WHAT IS REQUIRED:
Reproduce the listing below in full and exactly; no pictures belong in the copy.

=======

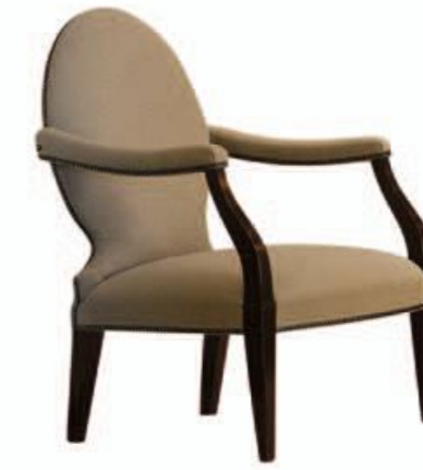
Art. 649 Finitura: NC nero coloniale Argentera TF705 C.003 opale Cat. B1
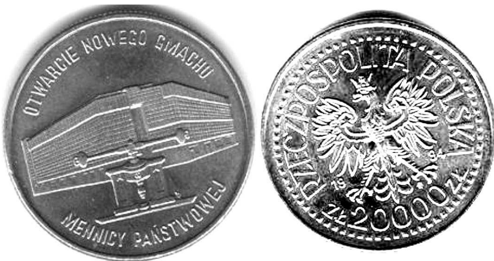
Polska, 20.000 zł z 1994 roku; miedzionikiel, 29 mm
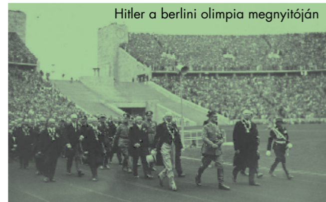
Hitler a berlini olimpia megnyitóján

Am a nemzetiszocialista rendszer és az új, emberellenes eszmék zavartalan diadalútját számos, a rendezők számára kellemetlen győzelem árnyékolta be. Az olimpia legeredményesebb versenyzője a színes bőrű Jesse Owens lett. Az amerikai atléta nem kevesebb, mint négy aranyérmet szerzett, 100 és 200 méteres síkfutásban, a 4x100 méteres váltóban és távolugrásban. Hitler nem volt hajlandó gratulálni a kiváló sportembernek. Ugyanígy rosszul érintette a szervezőket a számos, zsidó sportoló által elért nagyszerű eredmény. Éppen egy német versenyző felett aratott például diadalt a magyar sport első női olimpiai aranyérmese, a törvívó Elek Ilona,
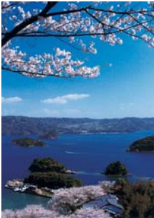
▲【入選】「春爛漫」横山善久
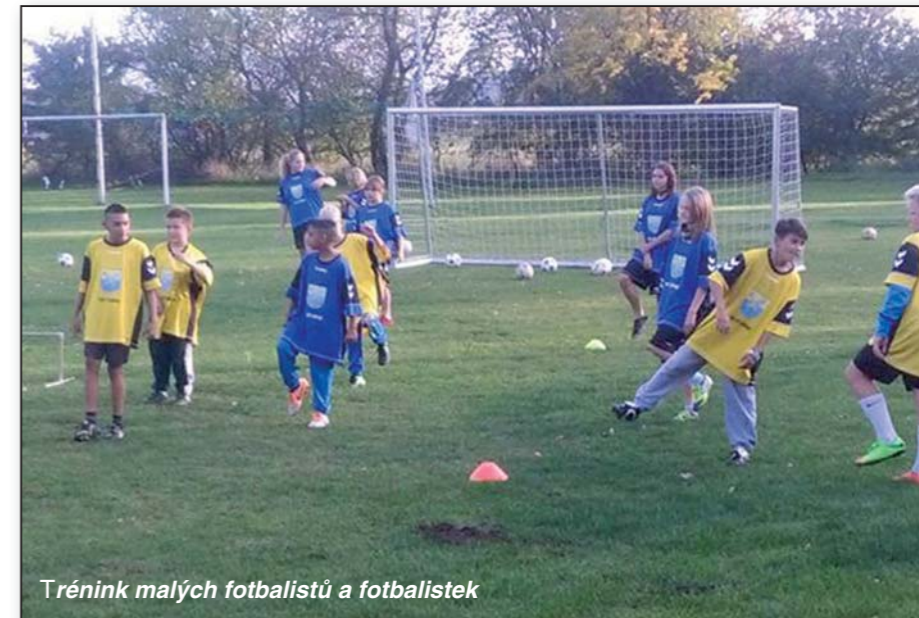
Trénink malých fotbalistů a fotbalistek

Součástí tohoto znovuzrození byla především oprava kabin a úprava okolí hřiště. Za velkého přispění obecního úřadu a jeho mimořádné finanční podpory, za kterou velice děkujeme, a také díky nadšení fandů kopané i samotných dětí při odpracovaných brigádách se podařilo kabiny zrekonstruovat. Provedena byla nová střecha, kompletní omítky, opravy elektroinstalace a vody. Zakoupily se branky pro malou kopanou, čerpadlo na zalévání. Všem chci na tomto místě poděkovat. Zbývá oprava sprch a postupné zlepšování travní plochy hřiště. Snažíme se udržovat i okolí kabin a hřiště. S tím nám pomáhají i místní hasiči, kteří využívají část okolní plochy pro své tréninky.
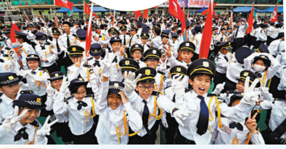
關愛隊積極支援政府地區工作和服務市民的地區網絡徹底覆蓋全港。資料圖片
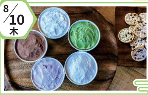
株式会社ライズウィン MINORI工房
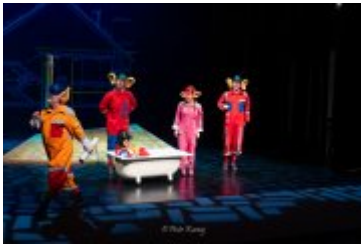
• 2024-06-03- Dzień Dziecka w Rabce-Zdroju cz.1
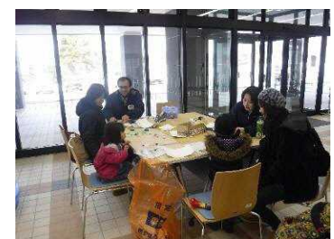
▲エコまちづくりイベントで賑わう地域交流センター
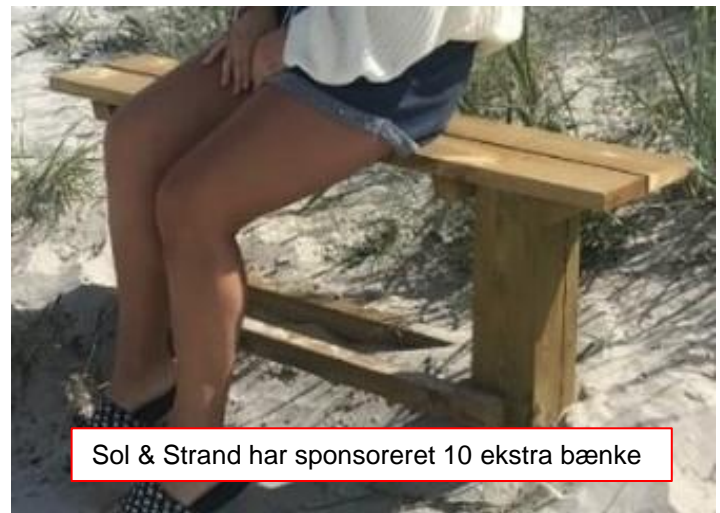
Sol & Strand har sponsoreret 10 ekstra bænke
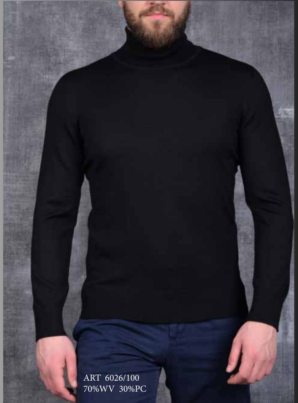
ART 6026/100 70%WV 30%PC
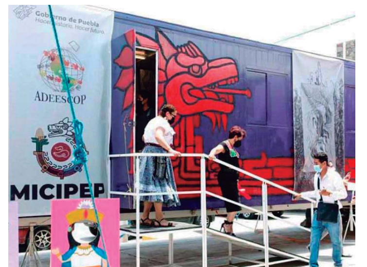
EN MEDIO DE BAILES Y EXPOSICIONES, FUE PRESENTADO EL MUSEO, QUE RECORRERÁ DIFERENTES REGIONES DE LA ENTIDAD, A FIN DE FORTALECER EL CONOCIMIENTO SOBRE LAS RAÍCES QUE CONSTITUYERON LA CULTURA DE POBLANAS Y POBLANOS.
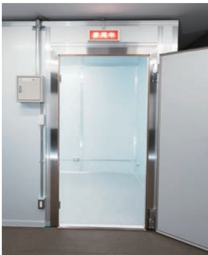
ナイフエッジタイプシールド扉（低段差仕様）
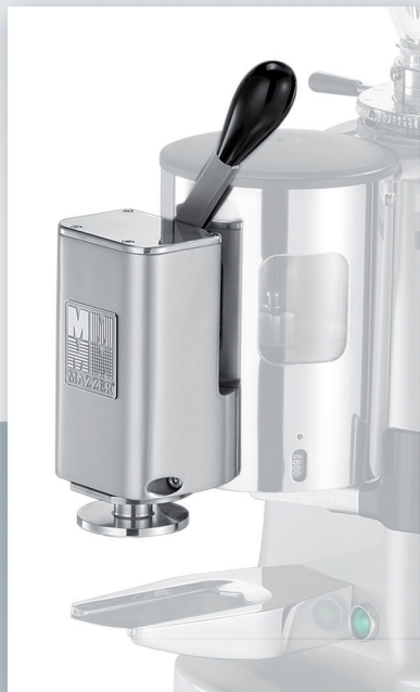
Easy Tamper for doser
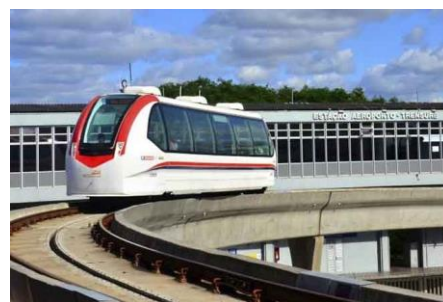
Figura 2: vista da estação aeroporto e do aeromovel.
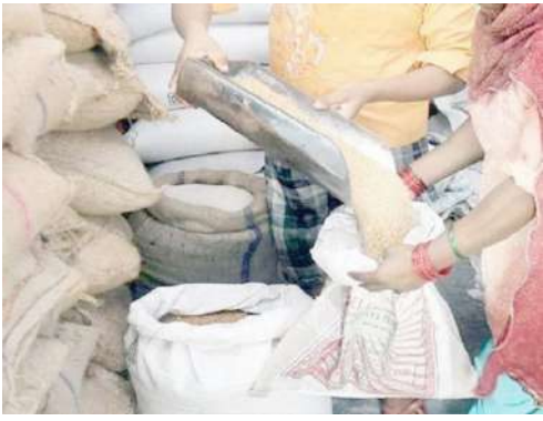
બોરીએ ત્રણથી ચાર કિલો અનાજની ઘટ પડી રહી છે જેના પરિણામે દુકાનદારોને આર્થિક ખોટનો સામનો કરવો પડી રહ્યો છે. દુકાનદારોને કમિશનની આવક થઈ રહી નથી અને પોતાના ખિસ્સામાંથી દુકાનદારોએ રૂપિયા આપવા પડે છે. નિયમિત રીતે અનાજનો જથ્થો

અમદાવાદ, તા.૨ | આજથી રાજ્યમાં સસ્તા અનાજના ૧૭ હજાર દુકાનદારોની હડતાળ પર ઉતર્યા હતા. મળતી જાણકારી અનુસાર, રાજ્યના ગરીબોની દિવાળી બગડી શકે છે. ભૂપેન્દ્ર પટેલ સરકારે વચન ન પાળતા આખરે સસ્તા અનાજના દુકાનદારો હડતાળ પર ઉતર્યા છે. દુકાનદારોની અયોક્કસ મુદતની હડતાળના કારણે દિવાળી સમયે ગરીબ અને મધ્યમવર્ગના લોકોને રાશનથી વંચિત રહેવું પડે તેવી સ્થિતિ સર્જાઈ છે. સસ્તા અનાજના દુકાનદારોનો દાવો છે કે આ પહેલા અસરકારક આંદોલન કરવામાં આવ્યું હતું ત્યારે સરકારે વચન આપ્યું હતું કે ત્રણસોથી ઓછા રાશન કાર્ડ હશે તે દુકાનદારને મહિને વીસ હજાર રૂપિયા આપવામાં આવશે. જો કે હજુ સુધી સરકારે આ વચન પૂર્ણ કર્યું નથી. આ જ પ્રમાણે અનાજની ઘટ સમસ્યા મુદ્દે પણ અનેક વાર રજૂઆત કરવામાં આવી હતી. એક
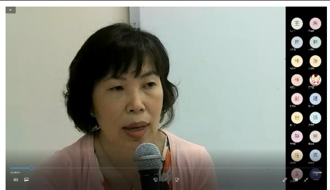
線上演講畫面截取
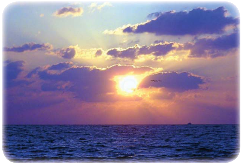
Puesta de sol en Maui

Jefe del Comité de Recaudación de Fondos de la AUI
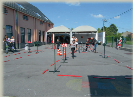
Ecole Communale LAPLAIGNE
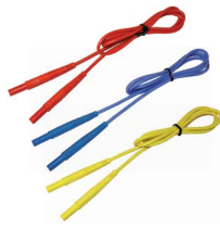
Przewód 1,2 m (wtyki bananowe) czerwony / nie- bieski / żółty
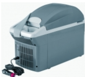
Термоэлектрический автохолодильник WAECO BordBar TB-08

Легкий удобный автомобильный холодильник. В комплекте есть ремень для ношения на плече, что делает холодильник более универсальным. Как и все термоэлектрические холодильники имеется режим ПОДОГРЕВ(до 65 градусов). Его по достоинству оценят молодые мамы, которым часто приходится в длительной дороге разогреть своим малышам детское питание, сок, чай и т.д. Так же специальные места под стаканы помогут вам налить напиток не пролив его.
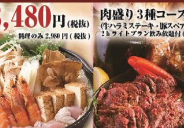
肉盛り3種コース (牛ハラミステーキ・豚スベアリの焼ねぎまじり) 2hライトプラン飲み放題付(7品) 料理のみ 2,980円(税抜)
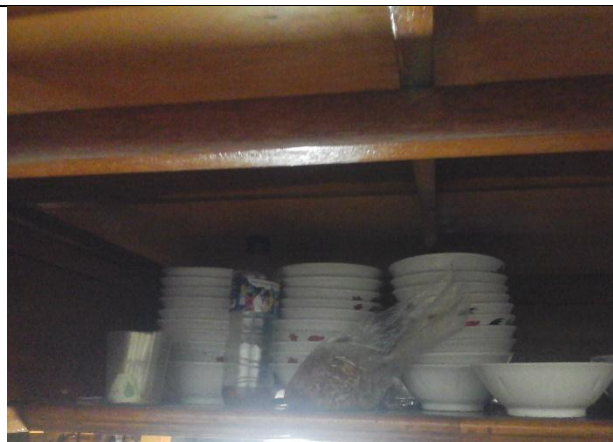
Tempat penyimpanan peralatan makan tertutup
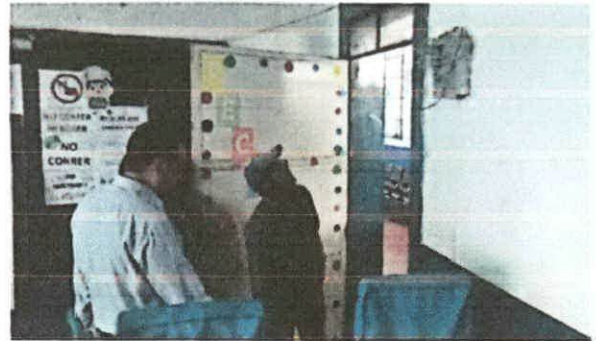
Foto 2. Revisión de caja flipones computacion
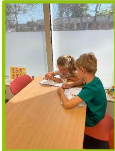
Op een creatieve plek lezen met een maatje in groep 3.
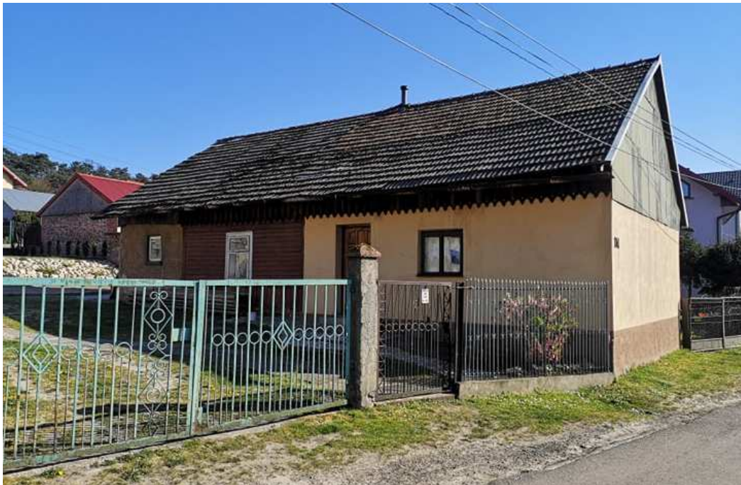
Fot. nr 98. Przebudowany w prawej części, zapewne około 90-letni dom o nieustalonej lokalizacji.
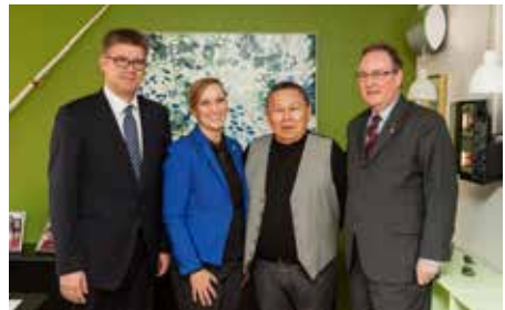
Formanden i selskab med Islands udenrigsminister, Vestnordisk Råds præsident samt Islands nye konsul i Grønland

I anledningen af Islands åbning af et konsulat i Nuuk var Islands udenrigsminister samt Vestnordisk Råds præsident på besøg hos formanden for Inatsisartut i november. Åbningen af Islands konsulat er ligeledes resultatet af en rekommandation fra Vestnordisk Råd.
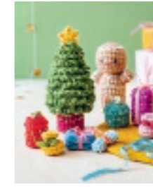
ALEX HET PEPERKOEK- MANNETJE 37
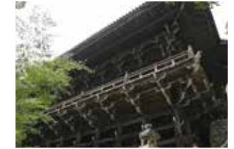
摩尼殿 岩山の中腹に立つ舞台づくりの建物。 1月18日の鬼追いもここで行われます。
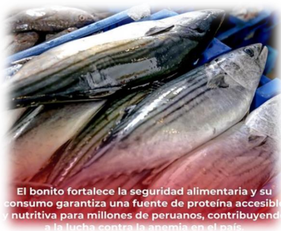
El bonito fortalece la seguridad alimentaria y su consumo garantiza una fuente de proteína accesible y nutritiva para millones de peruanos, contribuyendo a la lucha contra la anemia en el país.
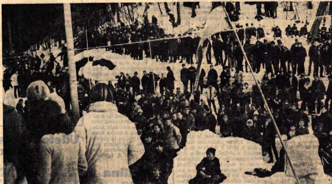
Mladina na Planici: tudi mi smo za cilje učitelja in revolucionarja Zagarja.
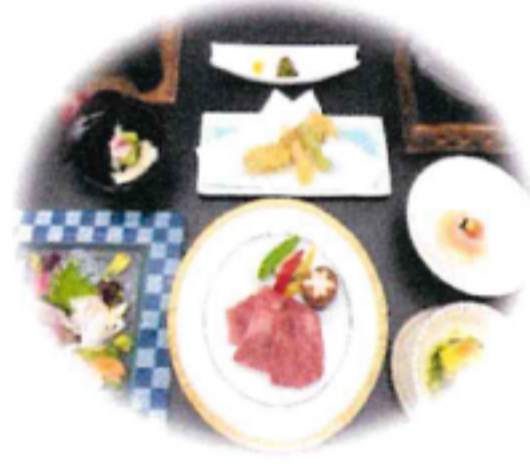
夕食料理写真(イメージ)
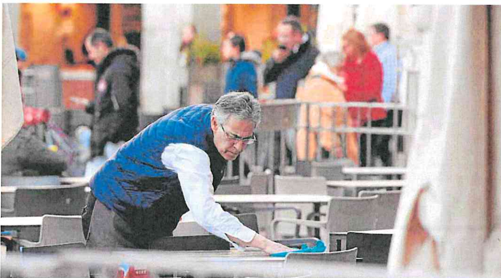
Un camarero limpia una mesa en una terraza. J. R. LADRA

Solo el año pasado se concedieron 32.305 millones de euros en créditos para el día a día, un 7% más que en 2022
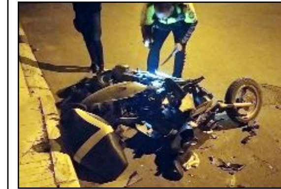
Kale Mahallesi'nde bir otomobil ile plakasız motosiklet çarpıştı. Kazada motosiklet sürücüsü ve motorda bulunan kişi yaralandı.

Kaza ile ilgili başlatılan soruşturma sürüyor. (İHA)
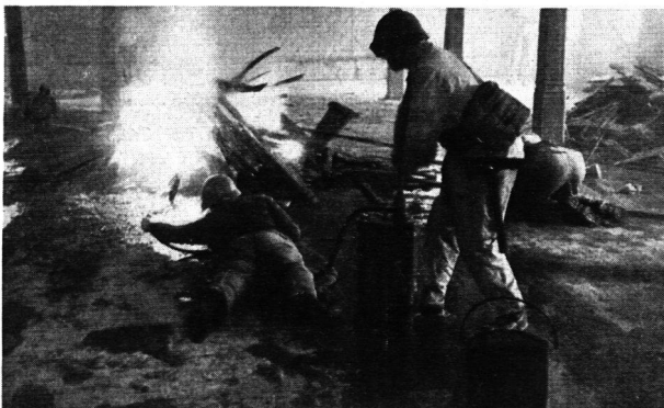
Abb. 2. Zens.-Nr. IV T. 785

Die zwei ersten Tage wurden durch Uebungen im Kreislaufgerät und in der Bekämpfung von Zimmerbränden ausgefüllt. Jeder Teilnehmer konnte am eigenen Leib die Zweckmässigkeit all der so oft gehörten und in der Theorie weitergegebenen Löschregeln erfahren: Angriff von unten nach oben; kriechend vorrücken (Abb. 2); Wasserstrahl möglichst nahe in die brennende Materie, nicht einfach ins Feuer richten; für Rauchabzug sorgen; Deckung beziehen (Abb. 3) etc.

=======

RESULT OF THIS EXERCISE:
Art. 649 Finitura: NC nero coloniale Argentera TF705 C.003 opale Cat. B1
Polska, 20.000 zł z 1994 roku; miedzionikiel, 29 mm
Hitler a berlini olimpia megnyitóján

Am a nemzetiszocialista rendszer és az új, emberellenes eszmék zavartalan diadalútját számos, a rendezők számára kellemetlen győzelem árnyékolta be. Az olimpia legeredményesebb versenyzője a színes bőrű Jesse Owens lett. Az amerikai atléta nem kevesebb, mint négy aranyérmet szerzett, 100 és 200 méteres síkfutásban, a 4x100 méteres váltóban és távolugrásban. Hitler nem volt hajlandó gratulálni a kiváló sportembernek. Ugyanígy rosszul érintette a szervezőket a számos, zsidó sportoló által elért nagyszerű eredmény. Éppen egy német versenyző felett aratott például diadalt a magyar sport első női olimpiai aranyérmese, a törvívó Elek Ilona,
▲【入選】「春爛漫」横山善久
Trénink malých fotbalistů a fotbalistek

Součástí tohoto znovuzrození byla především oprava kabin a úprava okolí hřiště. Za velkého přispění obecního úřadu a jeho mimořádné finanční podpory, za kterou velice děkujeme, a také díky nadšení fandů kopané i samotných dětí při odpracovaných brigádách se podařilo kabiny zrekonstruovat. Provedena byla nová střecha, kompletní omítky, opravy elektroinstalace a vody. Zakoupily se branky pro malou kopanou, čerpadlo na zalévání. Všem chci na tomto místě poděkovat. Zbývá oprava sprch a postupné zlepšování travní plochy hřiště. Snažíme se udržovat i okolí kabin a hřiště. S tím nám pomáhají i místní hasiči, kteří využívají část okolní plochy pro své tréninky.
關愛隊積極支援政府地區工作和服務市民的地區網絡徹底覆蓋全港。資料圖片
株式会社ライズウィン MINORI工房
• 2024-06-03- Dzień Dziecka w Rabce-Zdroju cz.1
▲エコまちづくりイベントで賑わう地域交流センター
Sol & Strand har sponsoreret 10 ekstra bænke
ART 6026/100 70%WV 30%PC
EN MEDIO DE BAILES Y EXPOSICIONES, FUE PRESENTADO EL MUSEO, QUE RECORRERÁ DIFERENTES REGIONES DE LA ENTIDAD, A FIN DE FORTALECER EL CONOCIMIENTO SOBRE LAS RAÍCES QUE CONSTITUYERON LA CULTURA DE POBLANAS Y POBLANOS.
ナイフエッジタイプシールド扉（低段差仕様）
Easy Tamper for doser
Figura 2: vista da estação aeroporto e do aeromovel.
બોરીએ ત્રણથી ચાર કિલો અનાજની ઘટ પડી રહી છે જેના પરિણામે દુકાનદારોને આર્થિક ખોટનો સામનો કરવો પડી રહ્યો છે. દુકાનદારોને કમિશનની આવક થઈ રહી નથી અને પોતાના ખિસ્સામાંથી દુકાનદારોએ રૂપિયા આપવા પડે છે. નિયમિત રીતે અનાજનો જથ્થો

અમદાવાદ, તા.૨ | આજથી રાજ્યમાં સસ્તા અનાજના ૧૭ હજાર દુકાનદારોની હડતાળ પર ઉતર્યા હતા. મળતી જાણકારી અનુસાર, રાજ્યના ગરીબોની દિવાળી બગડી શકે છે. ભૂપેન્દ્ર પટેલ સરકારે વચન ન પાળતા આખરે સસ્તા અનાજના દુકાનદારો હડતાળ પર ઉતર્યા છે. દુકાનદારોની અયોક્કસ મુદતની હડતાળના કારણે દિવાળી સમયે ગરીબ અને મધ્યમવર્ગના લોકોને રાશનથી વંચિત રહેવું પડે તેવી સ્થિતિ સર્જાઈ છે. સસ્તા અનાજના દુકાનદારોનો દાવો છે કે આ પહેલા અસરકારક આંદોલન કરવામાં આવ્યું હતું ત્યારે સરકારે વચન આપ્યું હતું કે ત્રણસોથી ઓછા રાશન કાર્ડ હશે તે દુકાનદારને મહિને વીસ હજાર રૂપિયા આપવામાં આવશે. જો કે હજુ સુધી સરકારે આ વચન પૂર્ણ કર્યું નથી. આ જ પ્રમાણે અનાજની ઘટ સમસ્યા મુદ્દે પણ અનેક વાર રજૂઆત કરવામાં આવી હતી. એક
線上演講畫面截取
Puesta de sol en Maui

Jefe del Comité de Recaudación de Fondos de la AUI
Ecole Communale LAPLAIGNE
Przewód 1,2 m (wtyki bananowe) czerwony / nie- bieski / żółty
Термоэлектрический автохолодильник WAECO BordBar TB-08

Легкий удобный автомобильный холодильник. В комплекте есть ремень для ношения на плече, что делает холодильник более универсальным. Как и все термоэлектрические холодильники имеется режим ПОДОГРЕВ(до 65 градусов). Его по достоинству оценят молодые мамы, которым часто приходится в длительной дороге разогреть своим малышам детское питание, сок, чай и т.д. Так же специальные места под стаканы помогут вам налить напиток не пролив его.
肉盛り3種コース (牛ハラミステーキ・豚スベアリの焼ねぎまじり) 2hライトプラン飲み放題付(7品) 料理のみ 2,980円(税抜)
Tempat penyimpanan peralatan makan tertutup
Foto 2. Revisión de caja flipones computacion
Op een creatieve plek lezen met een maatje in groep 3.
Fot. nr 98. Przebudowany w prawej części, zapewne około 90-letni dom o nieustalonej lokalizacji.
Formanden i selskab med Islands udenrigsminister, Vestnordisk Råds præsident samt Islands nye konsul i Grønland

I anledningen af Islands åbning af et konsulat i Nuuk var Islands udenrigsminister samt Vestnordisk Råds præsident på besøg hos formanden for Inatsisartut i november. Åbningen af Islands konsulat er ligeledes resultatet af en rekommandation fra Vestnordisk Råd.
ALEX HET PEPERKOEK- MANNETJE 37
摩尼殿 岩山の中腹に立つ舞台づくりの建物。 1月18日の鬼追いもここで行われます。
El bonito fortalece la seguridad alimentaria y su consumo garantiza una fuente de proteína accesible y nutritiva para millones de peruanos, contribuyendo a la lucha contra la anemia en el país.
Mladina na Planici: tudi mi smo za cilje učitelja in revolucionarja Zagarja.
夕食料理写真(イメージ)
Un camarero limpia una mesa en una terraza. J. R. LADRA

Solo el año pasado se concedieron 32.305 millones de euros en créditos para el día a día, un 7% más que en 2022
Kale Mahallesi'nde bir otomobil ile plakasız motosiklet çarpıştı. Kazada motosiklet sürücüsü ve motorda bulunan kişi yaralandı.

Kaza ile ilgili başlatılan soruşturma sürüyor. (İHA)
Abb. 2. Zens.-Nr. IV T. 785

Die zwei ersten Tage wurden durch Uebungen im Kreislaufgerät und in der Bekämpfung von Zimmerbränden ausgefüllt. Jeder Teilnehmer konnte am eigenen Leib die Zweckmässigkeit all der so oft gehörten und in der Theorie weitergegebenen Löschregeln erfahren: Angriff von unten nach oben; kriechend vorrücken (Abb. 2); Wasserstrahl möglichst nahe in die brennende Materie, nicht einfach ins Feuer richten; für Rauchabzug sorgen; Deckung beziehen (Abb. 3) etc.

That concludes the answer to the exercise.